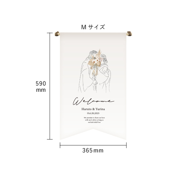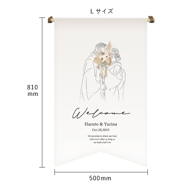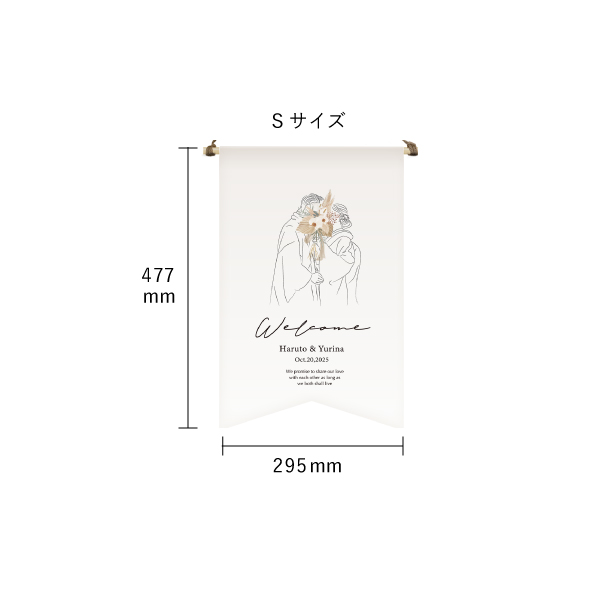 ウェルカムスペースや高砂では大き目のLサイズ、受付やエントランスには主張しすぎないMサイズ、前撮りやフラッグボーイ・フラッグガール用には小さめのSサイズがおすすめです。
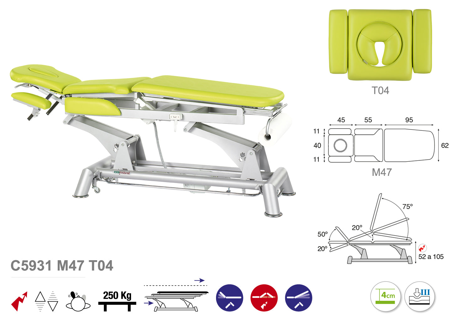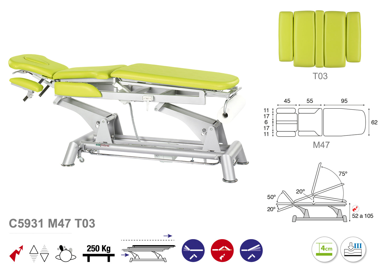 Gracias a su diseño robusto y acabado en gris biela, ofrece durabilidad y facilidad de limpieza, convirtiéndola en una opción fiable y versátil para cualquier entorno clínico o de rehabilitación. El modelo C5931 combina funcionalidad y ergonomía para optimizar cada sesión.
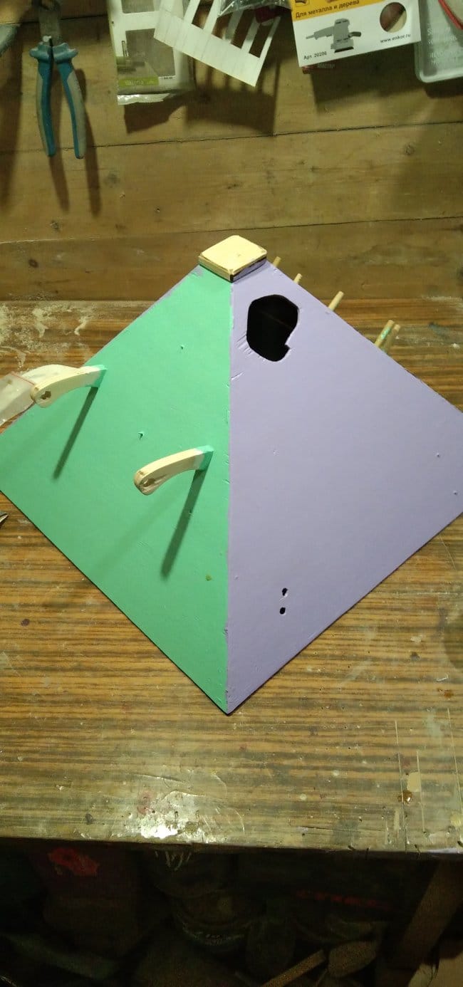 Далее, разложив все что я приготовил для установки на стороны, начинаю размечать что и куда прикрепить. На стороны начинаю крепить детали на черновую, т.к. все они будут сниматься для удобства обработки и покраски сторон изделия. В необходимых местах приходится вырезать отверстия для более плотной установки игровых предметов. Так же было решено установить на одну из сторон съёмные геометрические фигурки. По задумке они должны устанавливаться на штырьки которые будут торчать из стенки пирамиды. Но т.к. стенка пирамиды имеет толщину всего в 4 мм, этого недостаточно для прочного соединения штырьков. Поэтому была взята фанера толщиной 12 мм или около того и вырезан кусок для установки внутри самой пирамиды. Его я установил на предполагаемое место установки штырьков. Намазав деталь клеем и для прочности вкрутил саморезы. Из дерева выпилил три разных фигуры - круг, треугольник и квадрат. Каждой фигурки по 3 штуки. В них высверлил отверстия. Разметил на пирамиде и так же сделал отверстия под шканты. На верхушку установил заглушку из фанеры.
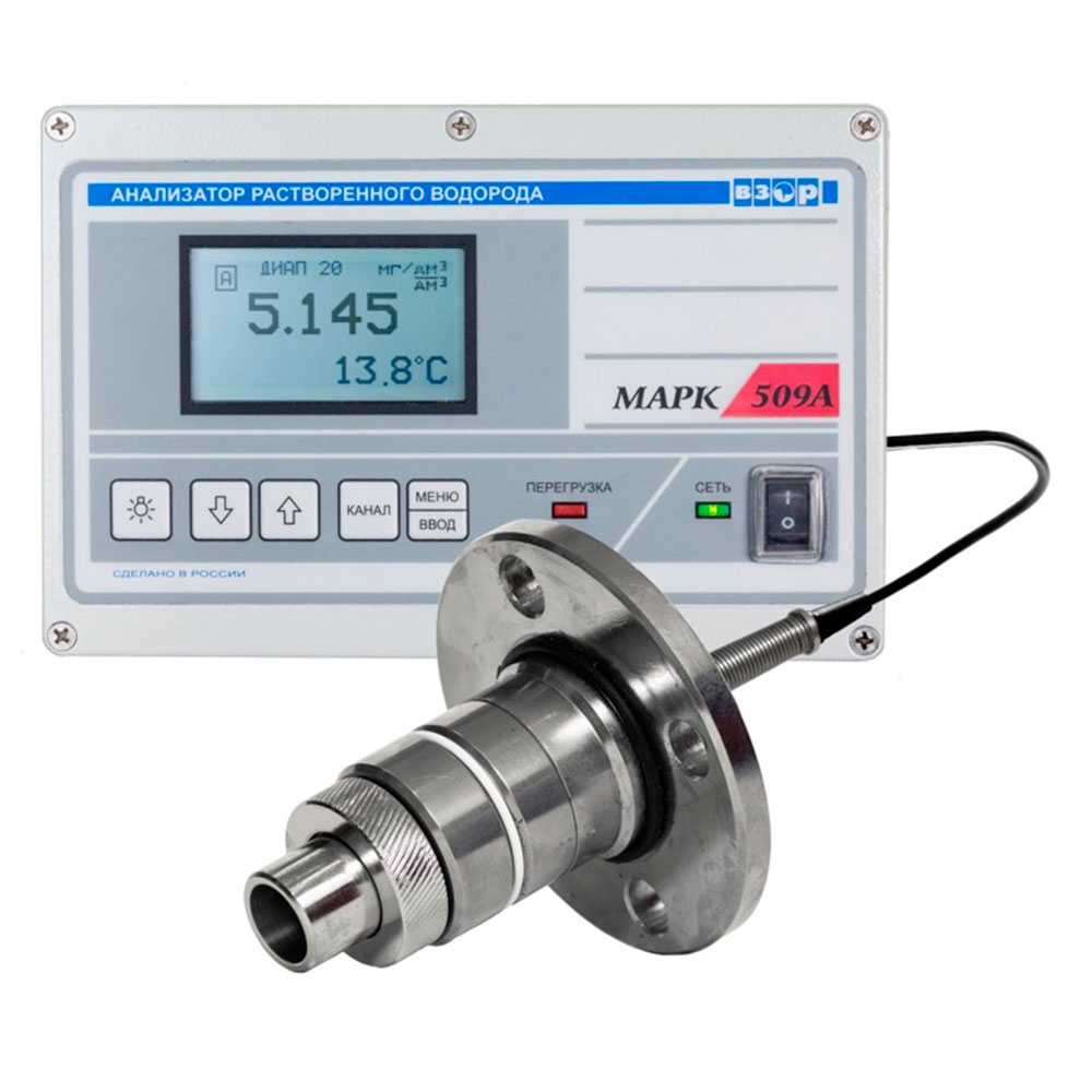 Непрерывное измерение концентрации растворенного водорода (КРВ) и температуры водных сред с избыточным гидростатическим давлением до 20 МПа.
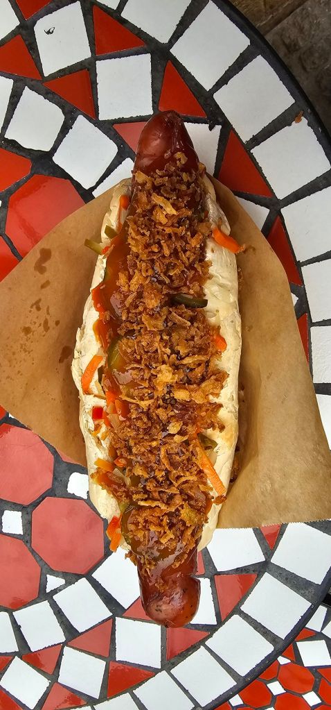 For lunch, I over did it with more perogies, but these ones were potato, cottage cheese, and onion, so more what I was expecting and a giant polish sausage on a bun I only ate half the sausage and gave the other half to a gentleman who was looking in the garbage for food.
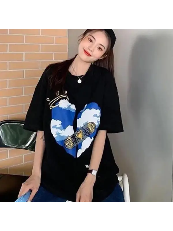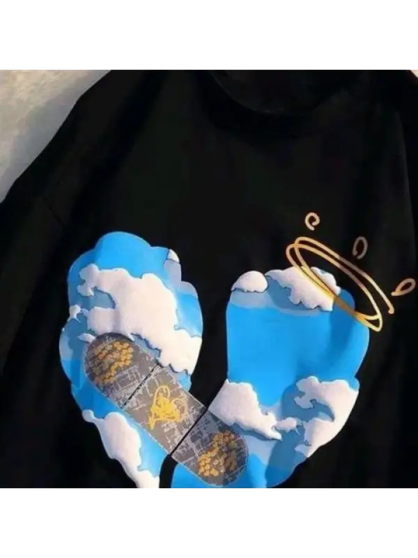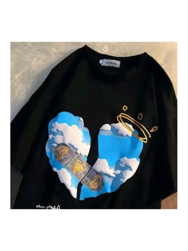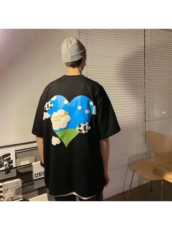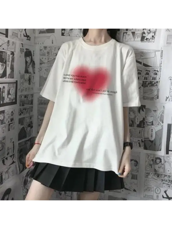 Aesthetic Heart Baskılı Beyaz Unisex Oversize T-Shirt
******************************
Task instructions — Repeat the records above exactly, omitting every picture.

Task solution —
 ウェルカムスペースや高砂では大き目のLサイズ、受付やエントランスには主張しすぎないMサイズ、前撮りやフラッグボーイ・フラッグガール用には小さめのSサイズがおすすめです。
 Gracias a su diseño robusto y acabado en gris biela, ofrece durabilidad y facilidad de limpieza, convirtiéndola en una opción fiable y versátil para cualquier entorno clínico o de rehabilitación. El modelo C5931 combina funcionalidad y ergonomía para optimizar cada sesión.
 Далее, разложив все что я приготовил для установки на стороны, начинаю размечать что и куда прикрепить. На стороны начинаю крепить детали на черновую, т.к. все они будут сниматься для удобства обработки и покраски сторон изделия. В необходимых местах приходится вырезать отверстия для более плотной установки игровых предметов. Так же было решено установить на одну из сторон съёмные геометрические фигурки. По задумке они должны устанавливаться на штырьки которые будут торчать из стенки пирамиды. Но т.к. стенка пирамиды имеет толщину всего в 4 мм, этого недостаточно для прочного соединения штырьков. Поэтому была взята фанера толщиной 12 мм или около того и вырезан кусок для установки внутри самой пирамиды. Его я установил на предполагаемое место установки штырьков. Намазав деталь клеем и для прочности вкрутил саморезы. Из дерева выпилил три разных фигуры - круг, треугольник и квадрат. Каждой фигурки по 3 штуки. В них высверлил отверстия. Разметил на пирамиде и так же сделал отверстия под шканты. На верхушку установил заглушку из фанеры.
 Непрерывное измерение концентрации растворенного водорода (КРВ) и температуры водных сред с избыточным гидростатическим давлением до 20 МПа.
 For lunch, I over did it with more perogies, but these ones were potato, cottage cheese, and onion, so more what I was expecting and a giant polish sausage on a bun I only ate half the sausage and gave the other half to a gentleman who was looking in the garbage for food.
 Aesthetic Heart Baskılı Beyaz Unisex Oversize T-Shirt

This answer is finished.